J'ai deux exemples à te proposer, issus de deux films où les scénaristes utilisent cette façon de cacher les choses :
- Dans "Love Actually" (oui on est loin de la SFFF), un personnage badine avec sa secrétaire. C'est mignon tout plein... jusqu'au moment où on apprend que le monsieur est déjà marié. Le spectateur doit faire un choix moral, et très vite. Les deux personnages (le patron et la secrétaire) qu'il avait appréciés au départ, subissent son jugement. Et les scénaristes sont arrivés à leur but : susciter l'amertume d'une histoire d'amour qui n'est pas socialement acceptable (d'autant que le personnage de la femme trompée est extrêmement attachant aussi)

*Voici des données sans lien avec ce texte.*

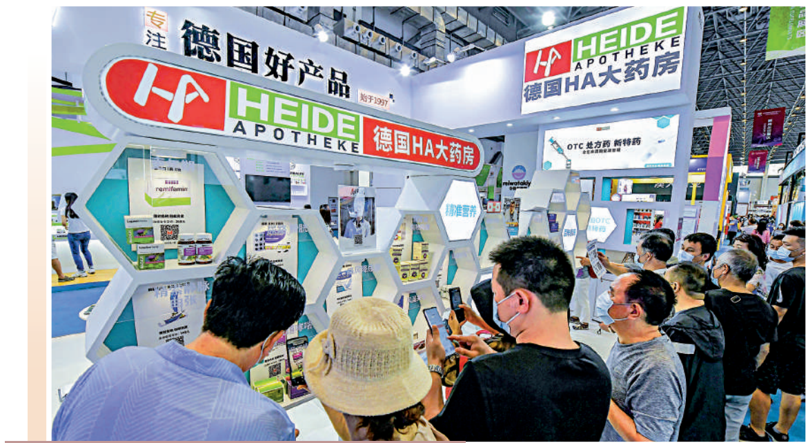
▲今年5月在海南省海口市舉辦的首屆中國國際消費品博覽會上，健康醫療養生商品受捧。圖為德國HA大藥房展位吸引民眾。

- Dans "Old Boy" (qui touche plus directement à ton problème)
Le personnage principal est amené par son ennemi, à tomber amoureux et à coucher avec sa propre fille, sans qu'aucun des deux ne le sache. La vérité qui éclate constitue la vengeance de cet ennemi. Le spectateur subit la détresse du héros parce que, comme lui, il a été floué (ce qui n'est pas le cas du premier exemple où les deux persos étaient au courant de la situation de départ) Le scénariste, ici, atteint aussi son but : susciter la gêne extrême du spectateur en montrant que le héros, qui accédait à une rédemption en trouvant l'amour, s'est en fait complètement fourvoyé ; le choix fait à la fin du film (le héros choisit d'être hypnotisé et d'oublier que sa compagne est sa fille) ne rassure pas le spectateur, tout en lui indiquant que finalement, de toutes les solutions, l'oubli était peut-être la moins pire. Et encore.
Tu t'engages dans un terrain qui est glissant et risqué. Mais je pense que ces deux exemples te montrent que, si c'est bien fait, la révélation peut amener le lecteur à se poser des questions, sans forcément y trouver une solution.
Donc techniquement, c'est possible.
Moralement, cela dépend de toi. Ces questions que le lecteur va se poser, il faut que toi aussi tu te les poses. Et il s'agit là moins de technique d'écriture, que d'interrogation morale, comme ça pourrait être le cas pour décrire une scène dite extrême, ou parler d'un ancien nazi. Comment savoir si on franchit la limite ? Je pense que tous les auteurs borderline ou qui écrivent des textes difficiles se posent cette question.
De plus, il faut aussi savoir que ce rendu dépendra aussi de la sensibilité du lecteur qui te lira.